▶ [Provided data]:

********************

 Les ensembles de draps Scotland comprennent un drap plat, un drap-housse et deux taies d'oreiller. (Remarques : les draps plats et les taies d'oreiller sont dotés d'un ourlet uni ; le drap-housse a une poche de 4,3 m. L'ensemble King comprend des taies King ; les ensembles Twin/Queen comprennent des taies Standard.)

********************

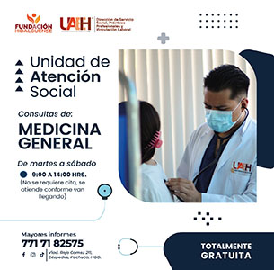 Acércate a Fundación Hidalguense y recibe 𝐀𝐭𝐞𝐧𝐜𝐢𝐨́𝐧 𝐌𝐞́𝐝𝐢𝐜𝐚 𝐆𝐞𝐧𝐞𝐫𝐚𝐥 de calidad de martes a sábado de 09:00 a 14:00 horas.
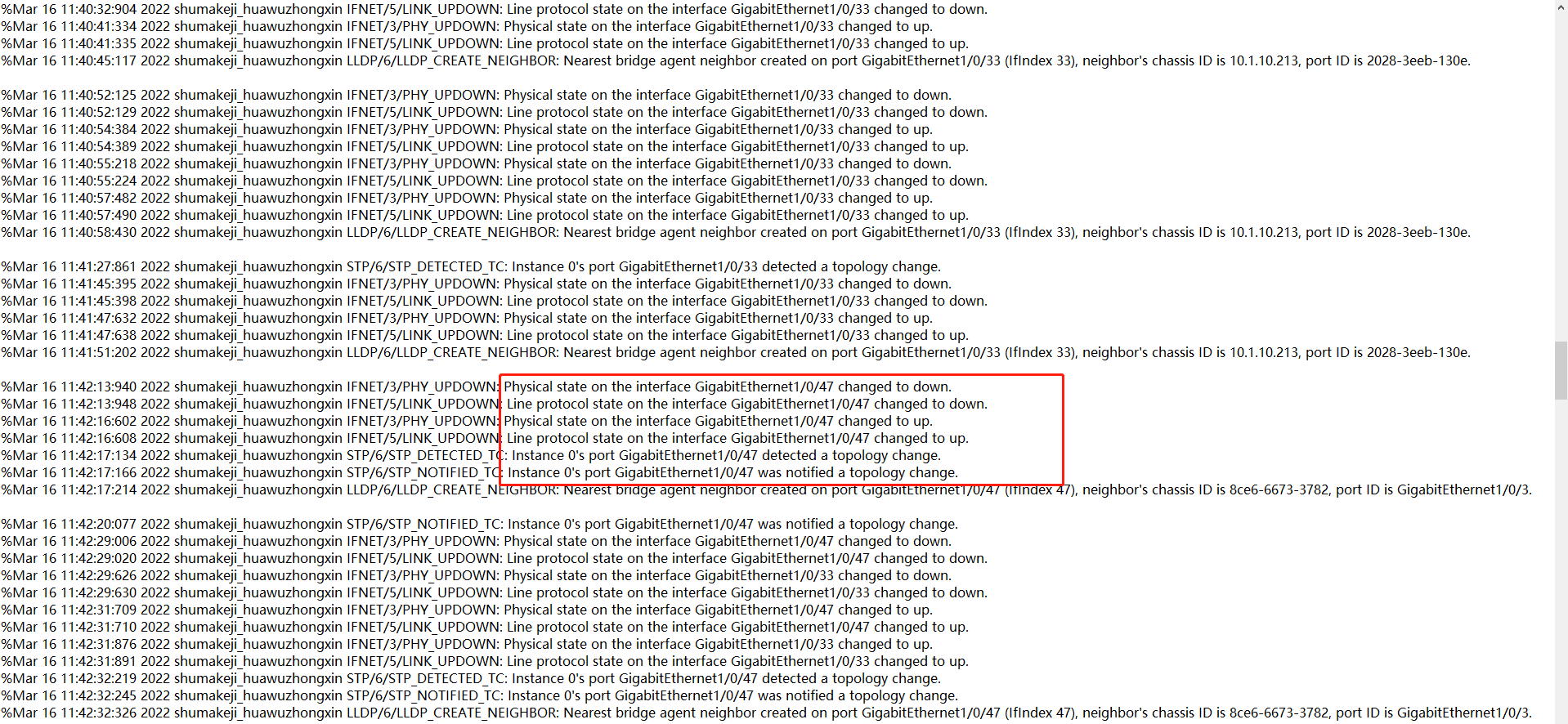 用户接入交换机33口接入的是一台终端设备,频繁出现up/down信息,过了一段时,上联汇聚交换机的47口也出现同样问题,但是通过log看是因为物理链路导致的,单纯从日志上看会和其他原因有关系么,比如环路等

********************

Above are the records; copy from them only the lines starting at the one containing "Acércate a Fundación" and ending at the one containing "用户接入交换机33口接入的是", exactly and without pictures.

▶ [Exercise output]:
 Acércate a Fundación Hidalguense y recibe 𝐀𝐭𝐞𝐧𝐜𝐢𝐨́𝐧 𝐌𝐞́𝐝𝐢𝐜𝐚 𝐆𝐞𝐧𝐞𝐫𝐚𝐥 de calidad de martes a sábado de 09:00 a 14:00 horas.
 用户接入交换机33口接入的是一台终端设备,频繁出现up/down信息,过了一段时,上联汇聚交换机的47口也出现同样问题,但是通过log看是因为物理链路导致的,单纯从日志上看会和其他原因有关系么,比如环路等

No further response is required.